I don’t know whether the threat of a pandemic is real or not. I know I can’t trust companies that stand to make billions of dollars by selling untested products that may come with dangerous side-effects or even have been proven not to work any better than old-fashioned hand-washing. I know I don’t want the U.S. government pressured into approving untested drugs. And I know that I’d feel a lot better about this whole thing if our system had more transparency. Fear is a powerful social tool, and media campaigns to sell drugs—Lipitor, Ritalin, Viagra, Vioxx—have a strong track record. I hope that a campaign to induce anxiety and urge mass inoculation will not drown out reasonable caution and common sense.

Comments

  1. September 21, 2009 9:22 AM EDT
    Suzie,

    I so appreciate your looking beyond the hype. I have great respect for your taking your job seriously. Thank you.
    - Diane Montgomery-Logan
  2. September 21, 2009 10:41 AM EDT
    Dr Newman is either lying or is misinformed - there IS evidence that flu vaccination lowers mortality rates. There are also studies which do not show benefit, at least in the elderly. But for Dr Newman to make the statement - as you reported it - is outrageous.

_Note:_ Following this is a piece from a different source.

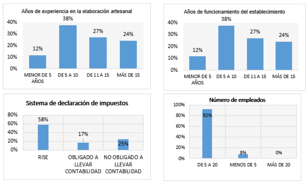 4 La figura muestra los años de experiencia, funcionamiento, sistema de declaración de impuestos y número de empleados. Datos tomados de trabajo de campo.

    Remember that these studies tend to minimize the effectiveness of vaccines. They look at mortality rates from the 70's and compare them with today's mortality rates. The likelihood of getting a hospital-derived antibiotic resistant infection is much higher today than thirty years ago.

    It is easy to explain negative results of such studies - but not as easy to explain away the positive results.

    We also have literally hundreds of millions, if not billions of data points that demonstrate conclusively that =>vaccines prevent disease. That flu vaccines would not prevent disease is a proposition that requires very good evidence indeed to accept.